Work task: Everything from the line containing "創作ノート・・シリーズです♪" to the last line of the material below must be retyped exactly, both ends included; skip the pictures.

Given records:
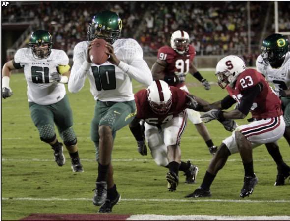 Oregon pulled the starters after the 3rd quarter ended, and even then, had to take the foot off the gas. At one point midway through the 4th, backup QB Brady Leaf took a knee on four straight snaps inside the 10 yard line, as Mike Bellotti made the decision to not humilate the Wolverines anymore than they already had.
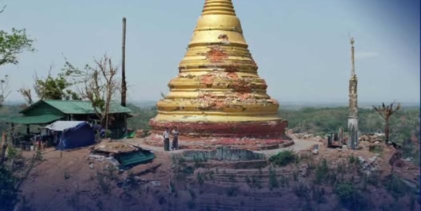 ပုံစာ - စစ်ကောင်စီ လေကြောင်းတိုက်ခိုက်မှုကြောင့် ပျက်စီးခဲ့သည့် မြောက်ဦးမြို့ရှိ ရွှေတောင်စေတီအား ၂၀၂၄ ခုနှစ်အတွင်းက တွေ့ရစဉ်။
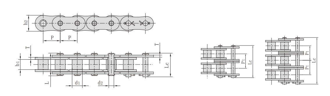 鏈條型號 節距 滾子直徑 內節內寬 銷軸直徑 銷軸長度 內鏈板高度 鏈板厚度 抗拉強度 每米長重
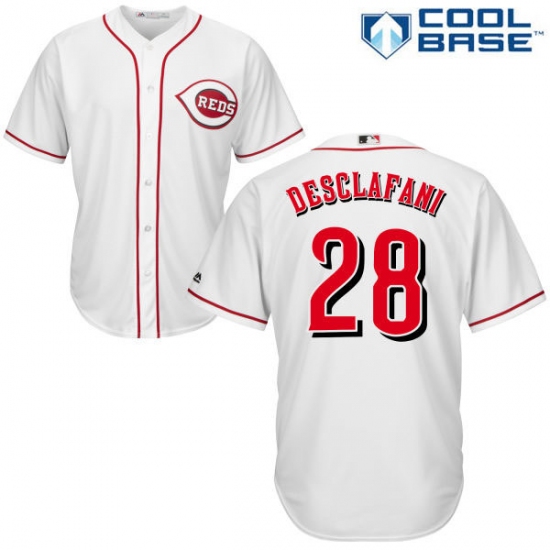 Home>MLB>Cincinnati Reds>Anthony DeSclafani>Youth Majestic Cincinnati Reds #28 Anthony DeSclafani Replica White Home Cool Base MLB Jersey
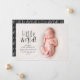 Hello world hand written modern minimal photo birth announcement. Modern graphic marker pen typography design. Modern black and white backer.
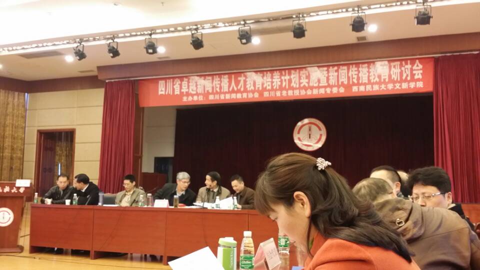 11月18日,四川省卓越新闻传播人才教育培养计划实施暨新闻传播教育研讨会在西南民族大学召开。会议由四川省新闻教育协会、四川省老教授协会新闻专委会、西南民族大学文新学院联合举办,全省卓越新闻传播人才教育培养计划项目院校、其他开办新闻传播类专业院校和部分媒体单位参加了会议。四川新闻教育界泰斗、四川省新闻教育协会会长、四川大学邱沛篁教授出席会议,四川省委宣传部新闻处干部刘洋到会发言。我院新闻专业彭德惠、母华二位老师参加了会议。
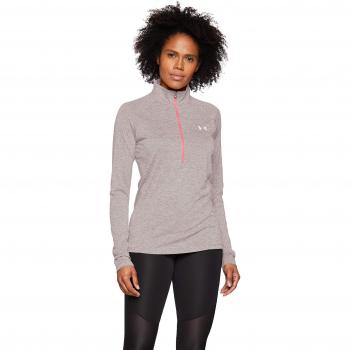 Under Armour Damen Tech 1/2 Zip-Twist Oberteil, Ghost Gray/Radio Red/Metallic Silver
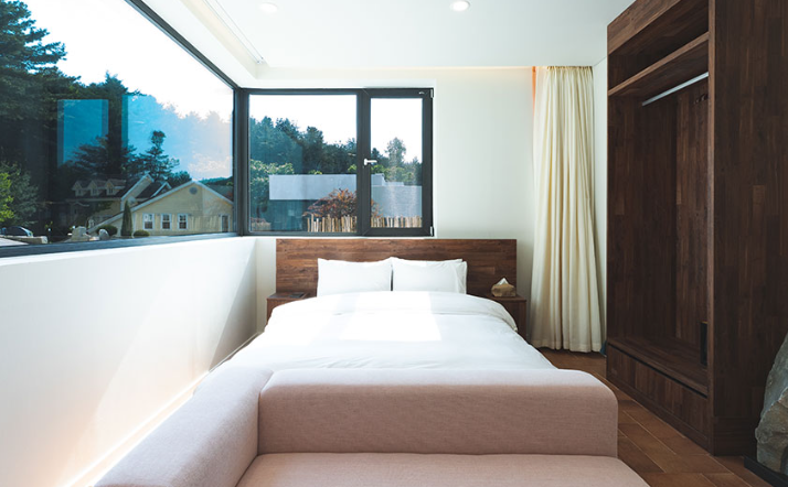 * 특징: 우드톤 인테리어, 프리미엄 침구, 취사 가능
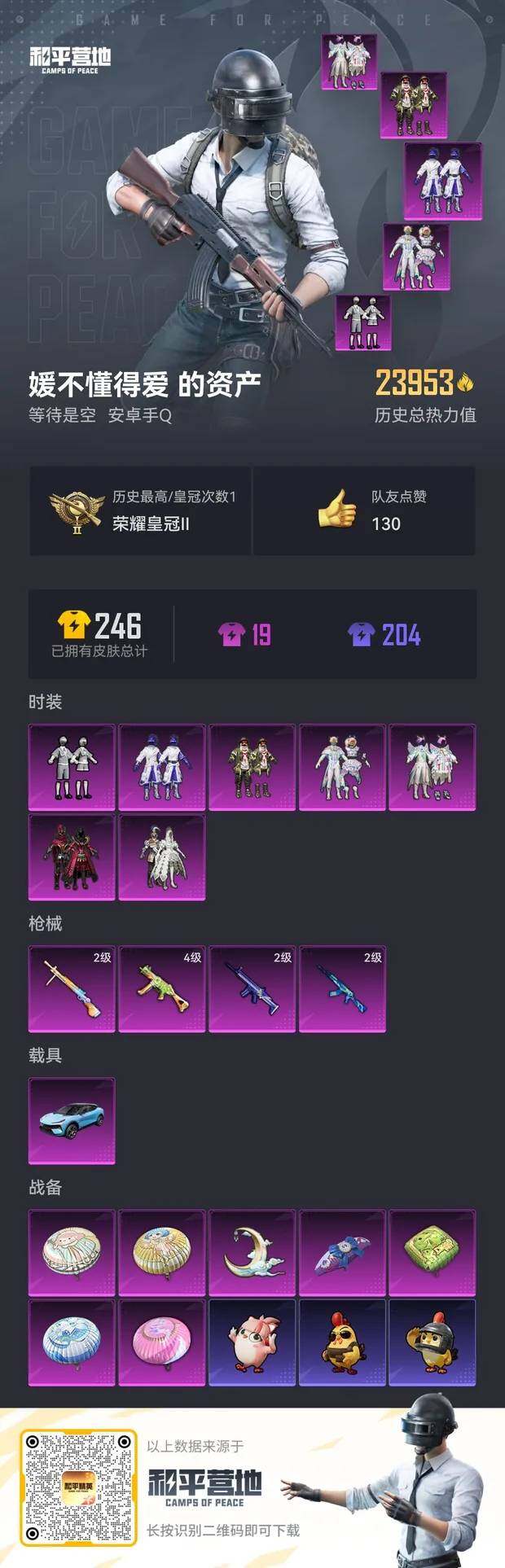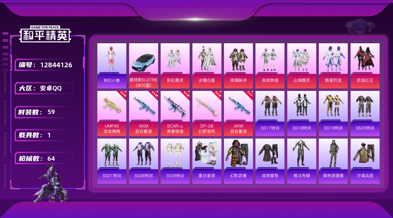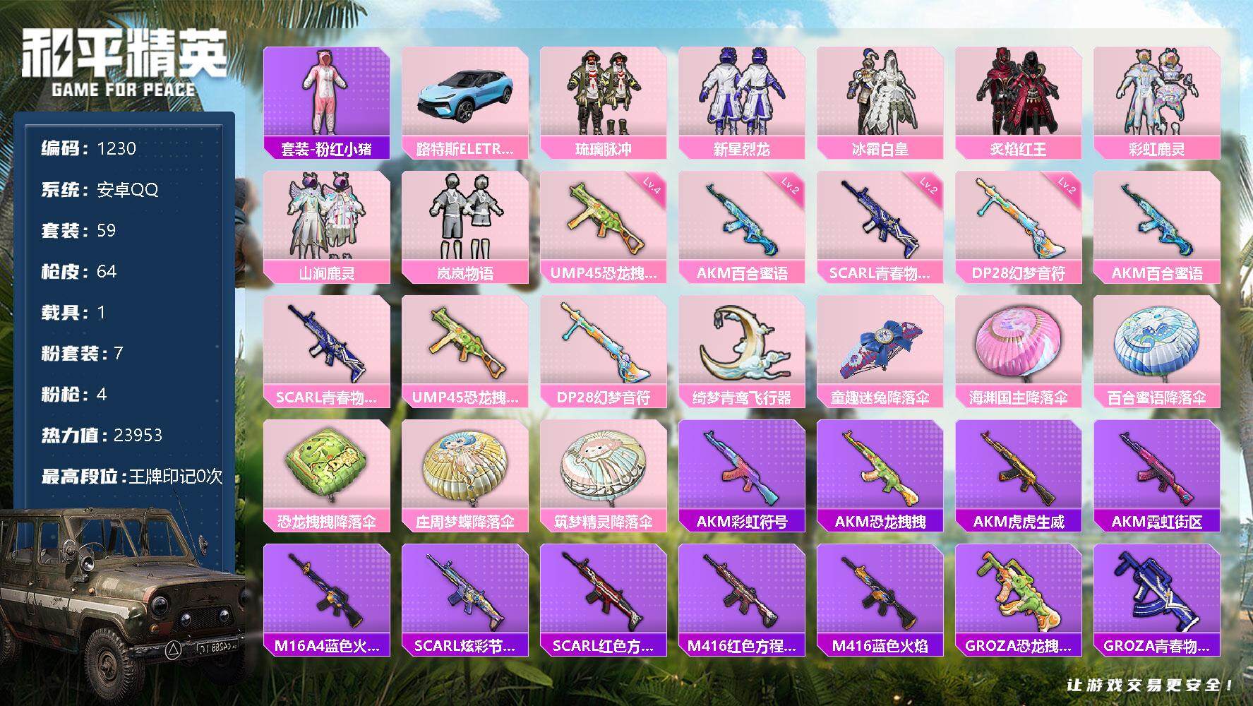 [12844126]安卓 手Q-7粉装-4特效枪-1载具-1粉色飞行器-23953热力值-1王牌印记-59套装-64枪皮
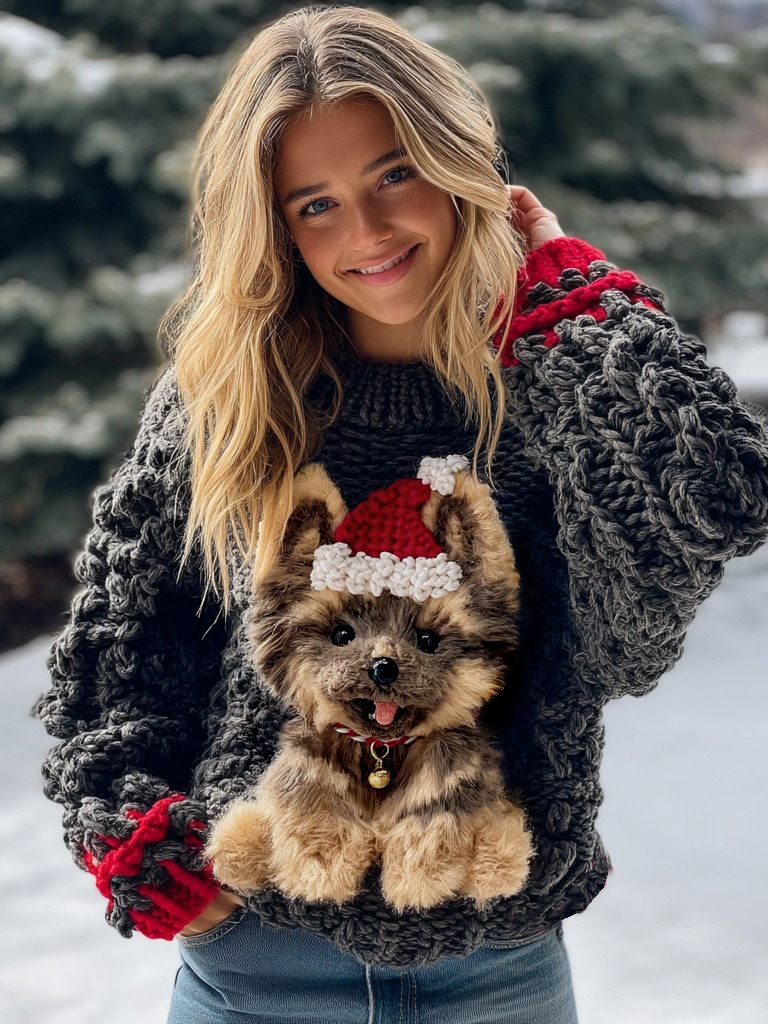Christmas Cute German Shepherd Puppy Chunky Knit Cozy Sweater
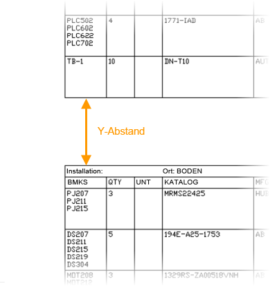 Die Abstandswerte auf der X- und Y-Achse definieren den Abstand zwischen dem Ende eines Tabellenabschnitts und dem Anfang des nächsten Tabellenabschnitts. Diese Vorgehensweise wird angewendet, wenn sich mehrere Tabellenabschnitte für einen Bericht in derselben Zeichnung befinden. Ein leerer Wert wird als Null interpretiert.
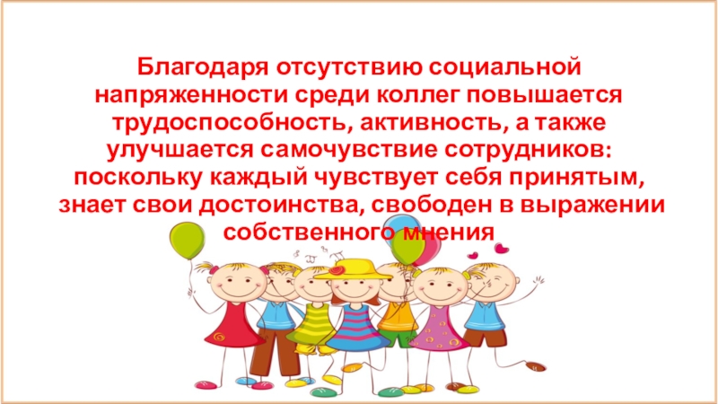 Слайд 8Благодаря отсутствию социальной напряженности среди коллег повышается трудоспособность, активность, а также
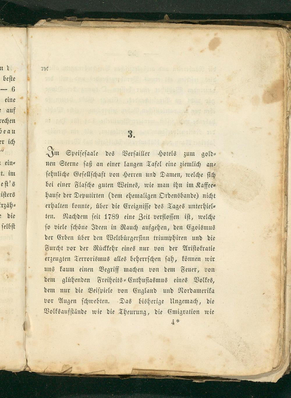 Im Speiſeſaale des Verſailler Hotels zum gold⸗ nen Sterne ſaß an einer langen Tafel eine ziemlich an⸗ ſehnliche Geſellſchaft von Herren und Damen, welche ſich bei einer Flaſche guten Weines, wie man ihn im Kaffee⸗ hauſe der Deputirten(dem ehemaligen Ordensbande) nicht erhalten konnte, über die Ereigniſſe des Tages unterhiel⸗ ten. Nachdem ſeit 1789 eine Zeit verfloſſen iſt, welche ſo viele ſchöne Ideen in Rauch aufgehen, den Egoismus der Erben über den Weltbürgerſinn triumphiren und die Furcht vor der Rückkehr eines nur von der Ariſtokratie erzeugten Terrorismus alles beherrſchen ſah, können wir uns kaum einen Begriff machen von dem Feuer, von dem glühenden Freiheits⸗Enthuſiasmus eines Volkes, dem nur die Beiſpiele von England und Nordamerika vor Augen ſchwebten. Das bisherige Ungemach, die Volksaufſtände wie die Theurung, die Emigration wie
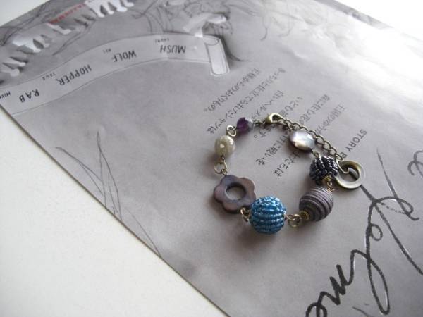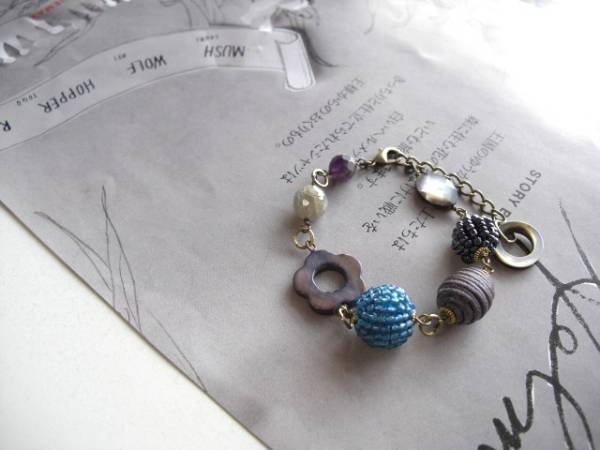創作ノート・・シリーズです♪ブルーグレーの章・・神秘的なブルーグレー系の異素材を集めたブレスレットです♪8ミリから18ミリ位までのシェルのオーバルやフラワーリング、ラブラドライトのオーバルカット、麻ビーズやビーズ玉など個性的な素材を集めてアンテークな表情です♪長さは全長23センチ位で調節自由です♪お揃いのネックレスも出品しています♪♪お揃いのシリーズも出品しています♪シンプルで長く着けていただけるデザインを考えて作りました♪ハンドメイドをご理解頂いてノークレーム、ノーリターンでお願いします
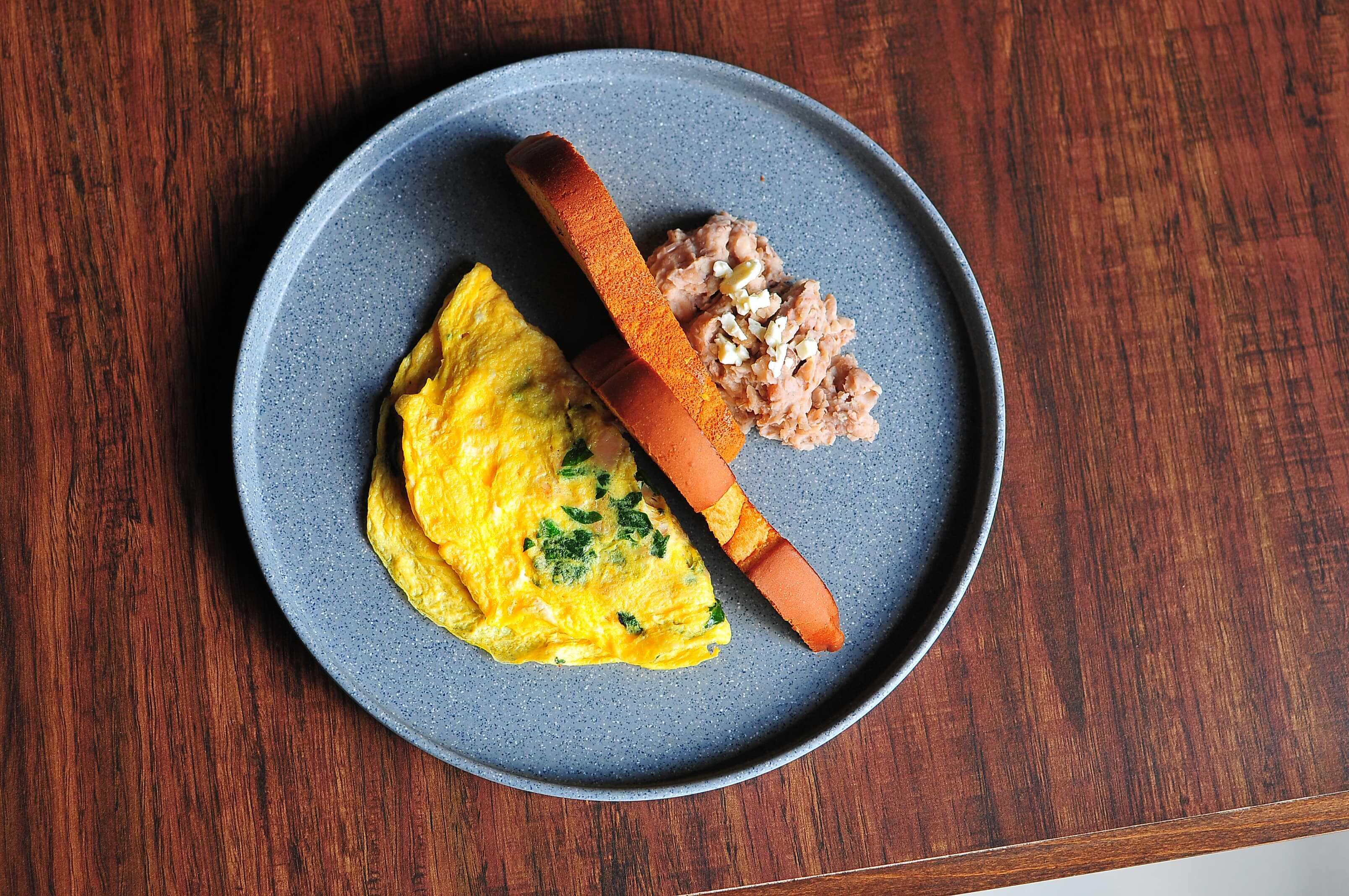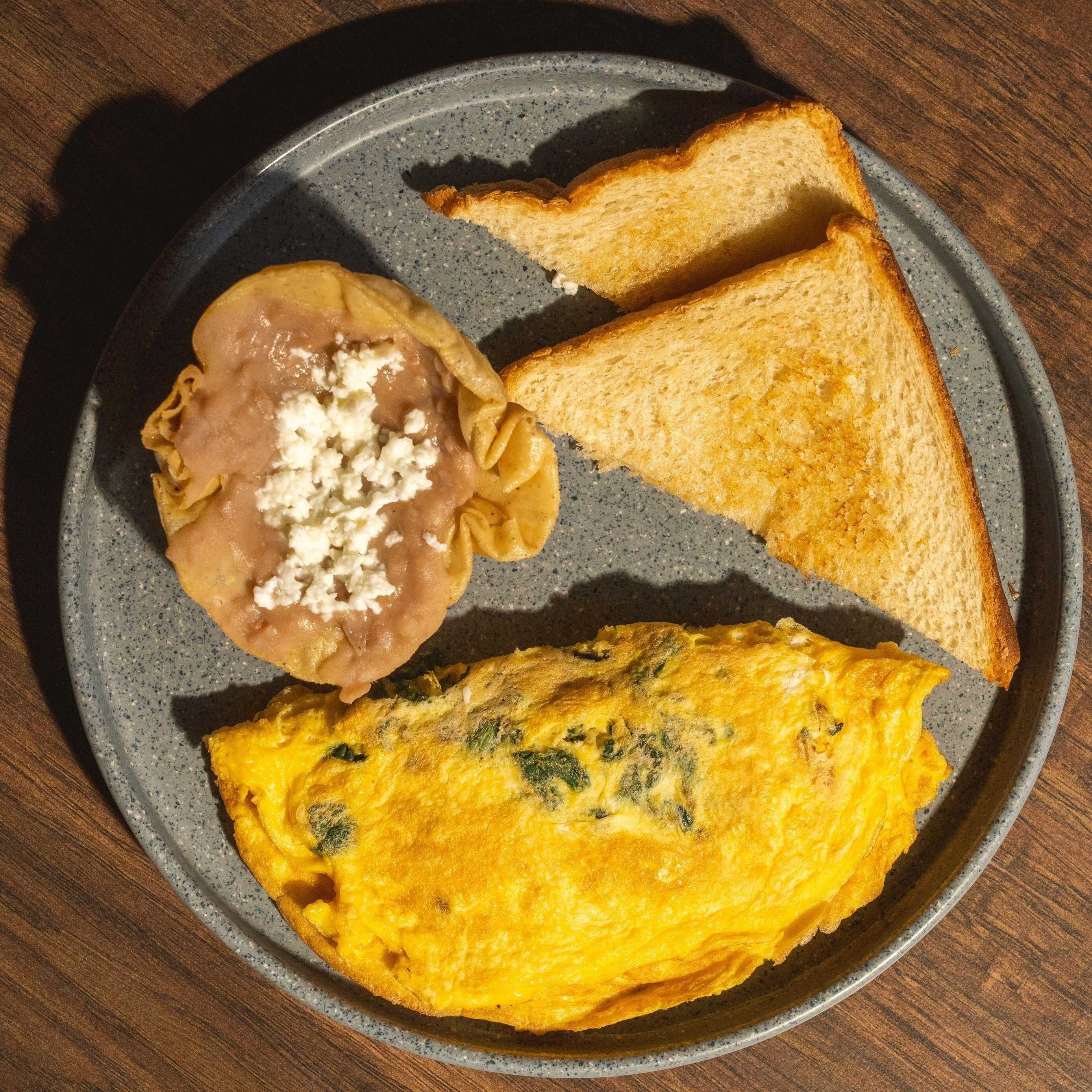 Omelette de queso de cabra y espinaca, acompañado de frijoles y pan tostado.

Completed exercise:
創作ノート・・シリーズです♪ブルーグレーの章・・神秘的なブルーグレー系の異素材を集めたブレスレットです♪8ミリから18ミリ位までのシェルのオーバルやフラワーリング、ラブラドライトのオーバルカット、麻ビーズやビーズ玉など個性的な素材を集めてアンテークな表情です♪長さは全長23センチ位で調節自由です♪お揃いのネックレスも出品しています♪♪お揃いのシリーズも出品しています♪シンプルで長く着けていただけるデザインを考えて作りました♪ハンドメイドをご理解頂いてノークレーム、ノーリターンでお願いします
 Omelette de queso de cabra y espinaca, acompañado de frijoles y pan tostado.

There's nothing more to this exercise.